### Task to carry out
With the pictures left aside, write out exactly the lines of the listing below from the line with "When AJA SANGALI" to the line with "教育局局長吳克儉、常任秘書長", both included, and only those.

### Task data
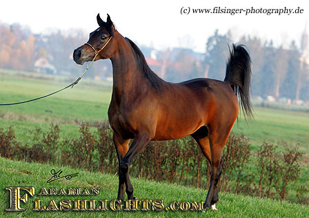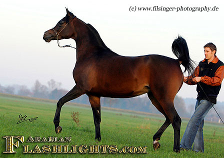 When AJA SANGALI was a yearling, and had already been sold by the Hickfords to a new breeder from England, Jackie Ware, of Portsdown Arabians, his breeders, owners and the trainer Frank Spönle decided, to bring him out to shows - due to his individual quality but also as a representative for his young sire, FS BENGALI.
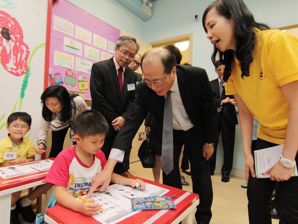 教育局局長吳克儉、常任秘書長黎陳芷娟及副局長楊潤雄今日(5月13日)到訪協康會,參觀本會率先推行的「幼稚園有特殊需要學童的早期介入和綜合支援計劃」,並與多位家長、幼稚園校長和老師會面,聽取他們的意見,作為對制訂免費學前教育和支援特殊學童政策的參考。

* * *

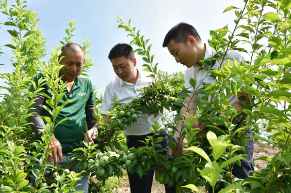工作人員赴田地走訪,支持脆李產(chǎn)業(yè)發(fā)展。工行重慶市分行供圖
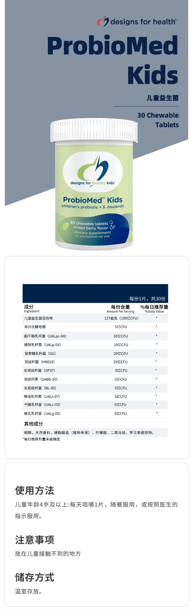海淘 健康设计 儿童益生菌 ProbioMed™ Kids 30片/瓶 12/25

### Task result
 When AJA SANGALI was a yearling, and had already been sold by the Hickfords to a new breeder from England, Jackie Ware, of Portsdown Arabians, his breeders, owners and the trainer Frank Spönle decided, to bring him out to shows - due to his individual quality but also as a representative for his young sire, FS BENGALI.
 教育局局長吳克儉、常任秘書長黎陳芷娟及副局長楊潤雄今日(5月13日)到訪協康會,參觀本會率先推行的「幼稚園有特殊需要學童的早期介入和綜合支援計劃」,並與多位家長、幼稚園校長和老師會面,聽取他們的意見,作為對制訂免費學前教育和支援特殊學童政策的參考。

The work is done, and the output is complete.